John Stobart (American) (1929- )
John Stobart was born in Leicester, England on December 29, 1929. It was as a young art student that Stobart first experienced the work of John Constable and Jean Baptiste-Camille Corot. Constable’s oil sketches told Stobart that he, too could develop simplicity and clarity in his work. Corot’s paintings of outdoor subjects and architecture inspired Stobart’s art. In these paintings, Stobart also found a quality of lights he had never before seen. Stobart earned a highly coveted scholarship to England’s oldest and most prestigious art academy, the Royal Academy Schools in London. The artist completed another five years of studies in the very academy where Constable studied.
When he completed his academic career, Stobart traveled by ship to his father’s new home in South Africa.

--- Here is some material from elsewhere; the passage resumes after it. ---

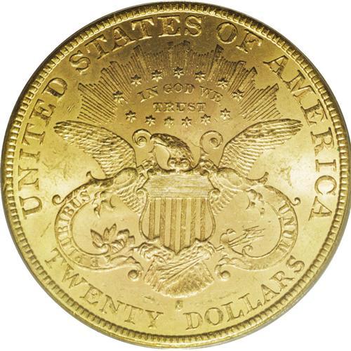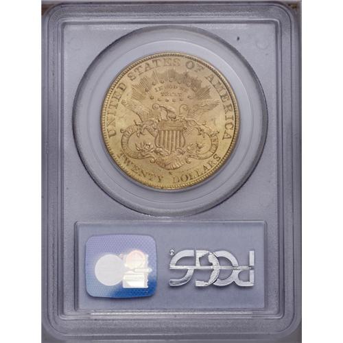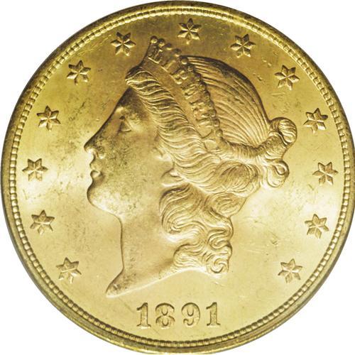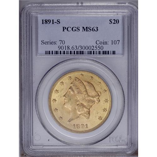 <B>1891-S $20 MS63 PCGS.</B></I> While the 1891-S is one of the more readily obtainable double eagles produced prior to 1895, it is a conditionally rare issue in the finer Mint State grades. Both sides of this piece are predominantly orange-gold in color, but blushes of green-gold tinting are noted at a few angles. Sharply struck throughout with flowing luster that thins to modest brightness in the reverse field. A group of small abrasions is seen in the right obverse field.<BR><BR><b>Shipping:</b> Coin/Currency (<a target="_blank" href="http://www.heritageauctions.com/common/shipping.php">view shipping information</a>)
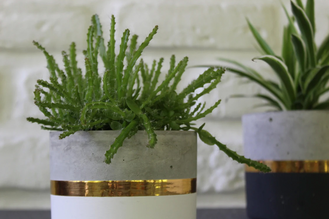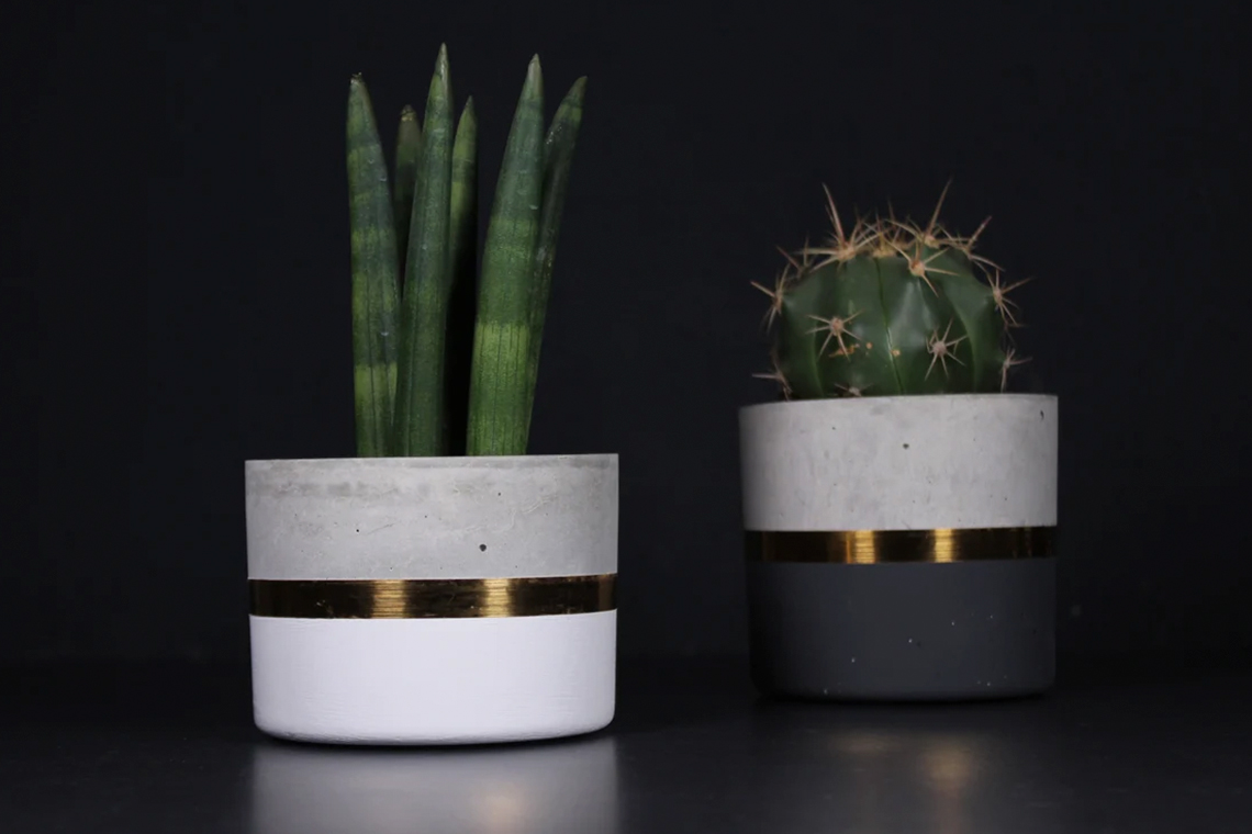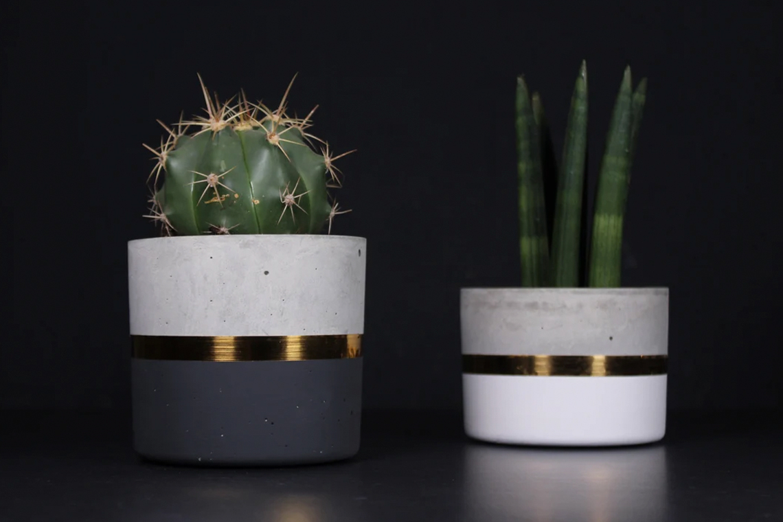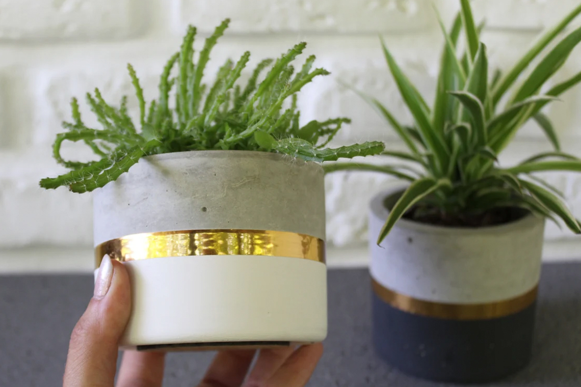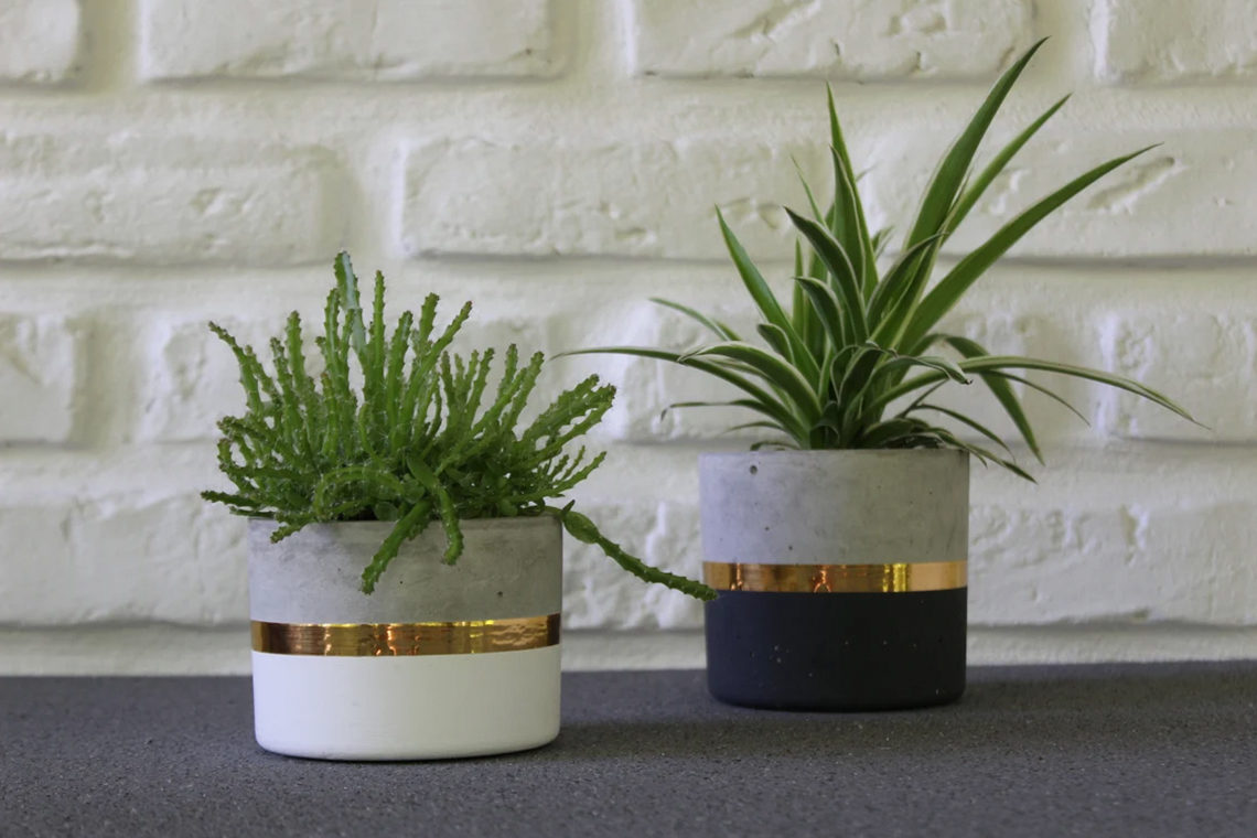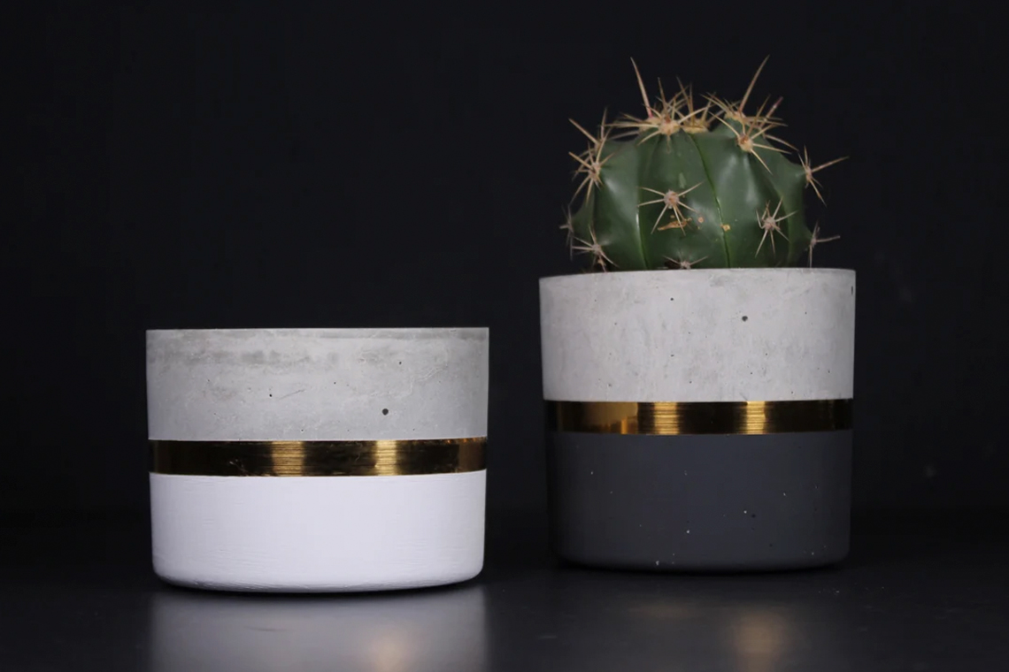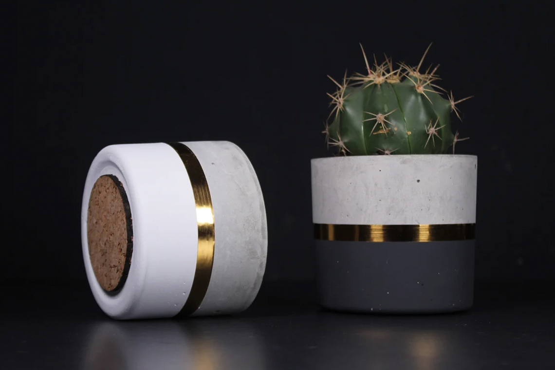 This listing is for Two tone concrete pot with gold ring by EightPlusE

While aboard the Braemer Castle, Stobart realized that his artistic future laid in a passion for ships and the sea he had discovered at eight years old. Stobart painted the Braemer Castle and quickly sold it to the Union Castle Line. Soon, the artist was on a tack that would carry his paintings of modern ships into boardrooms across England and North America. Stobart has taken on the task of painting nineteenth century American ports and harbors. Stobart was selected to show in the Kennedy Galleries. His paintings and limited edition prints are collected around the world and seen by visitors of the Peabody Museum in Massachusetts and the Portland Museum in Maine. John Stobart’s WorldScape I and II video series have enabled him to teach painting to a vas t television audience. Stobart has also educated readers through his books on maritime painting. The Stobart Foundation continues to sponsor young painters who are influenced by the history and tradition of the open-air painters.